Obama,, in my opinion could not care less about a Beck or Hannity screaming in front of the camera about what an awful president he is. He surely knows that this comes with the territory. He will have supporters, and he will have detractors, the same as any president. However, along with their commentary, Beck and Hannity have an annoying habit of supporting their arguments with actual facts and news reporting. It is Fox News’ reporting – not its commentary – that revealed that Van Jones is a communist, that Anita Dunn is a Maoist, that Kevin Jennings is a NAMBLA-sympathizer, that Mark Lloyd is an Hugo Chavez admirer, and so on. It is Fox News’ reporting – with the help of that infamous pimp video shown repeatedly – that revealed that ACORN is a criminal enterprise. It is not how their commentators feel about the Obama Administration; it is how Fox News’ reporting is affecting how the American public is feeling about the Obama Administration.
The tipping point for the Obama Administration came in a September 26, 2009 column by New York Times ombudsman, Clark Hoyt, called “Tuning In Too Late” in which he wrote, “Jill Abramson, the Managing Editor for news, agreed with me that the paper was “slow off the mark,” and blamed “insufficient tuned-in-ness to the issues that are dominating Fox News and talk radio.” She and Bill Keller, the Executive Editor, said last week that they would now assign an editor to monitor opinion media and brief them frequently on bubbling controversies.” The Obama White House’s heart must have stopped when these words were read, because it meant the controversies surrounding them would no longer be confined to Fox News, Rush Limbaugh, conservative blogs, or books written by Michelle Malkin. Soon, stories such as the Van Jones story, would no longer be marginalized but rather become part of the mainstream press. It is one thing for Beck to speak about Obama’s ties to ACORN, the SEIU, Soros, and other left-wing organizations. It is quite another for these stories to be on the cover of Time magazine. Heck, even Newsweek mentioned acorn once. True, they were talking about the kind that fell from trees, but still…close enough!

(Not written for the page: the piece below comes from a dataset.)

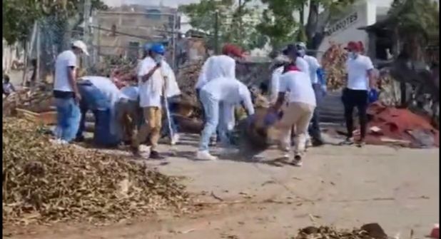 Sin precisar desde cuándo los miembros del programa están haciendo limpieza en las áreas afectadas, ni en que zonas en específico, agregó un par de videos donde se ve a muchachos y muchachas barriendo, cargando ramas secas, juntando hojas y cargando aparentes escombros.
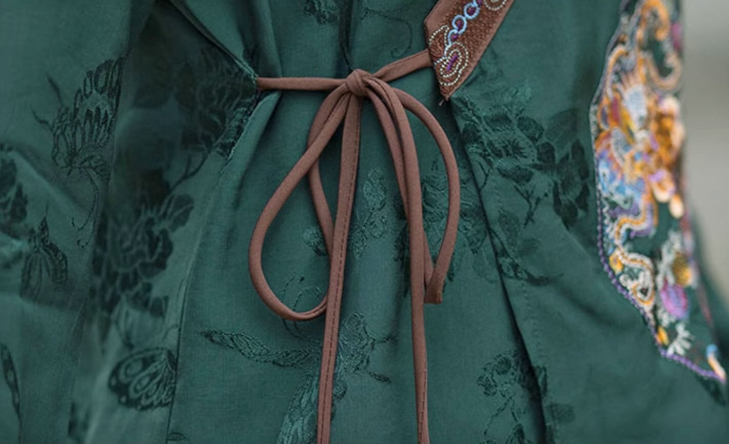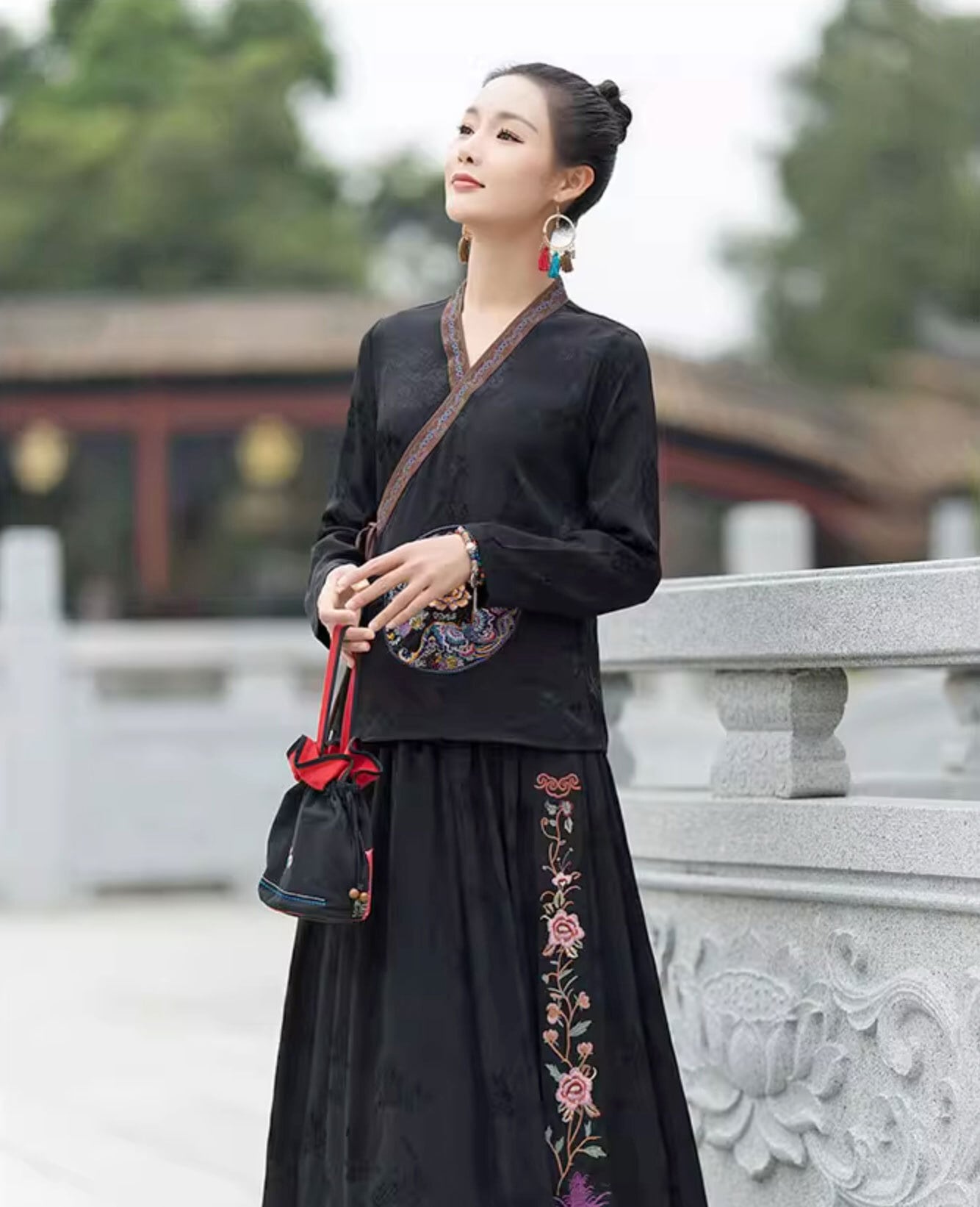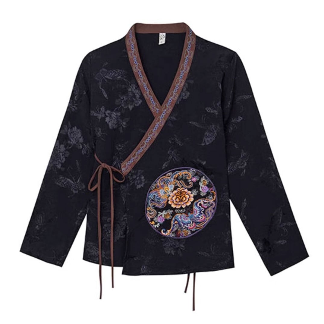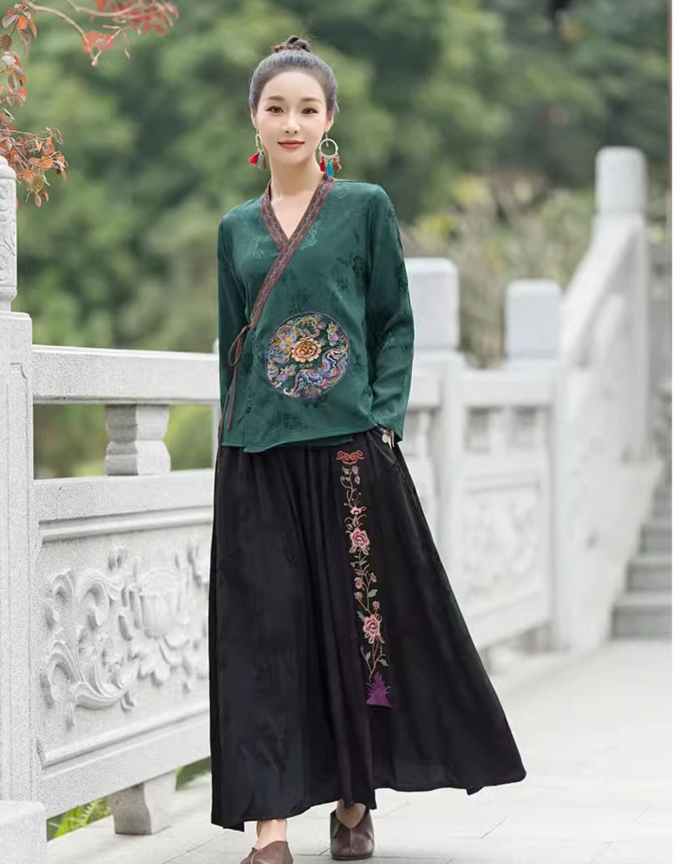 チャイナ服 トップス 秋冬 斜め合わせ Vネック 刺繍 落ち着いた風合い 長袖 zt511

It is this fear of mainstream exposure that compelled David Axelrod to go on television and say to ABC that Fox News is “not really news … [and]… other news organizations, like yours, ought not to treat them that way”. After all, Axelrod must have been thinking, who wants Fox, with its impressive history of revealing too many things that the Obama White House does not want to be revealed, getting treated like a the legitimate news organization that it is?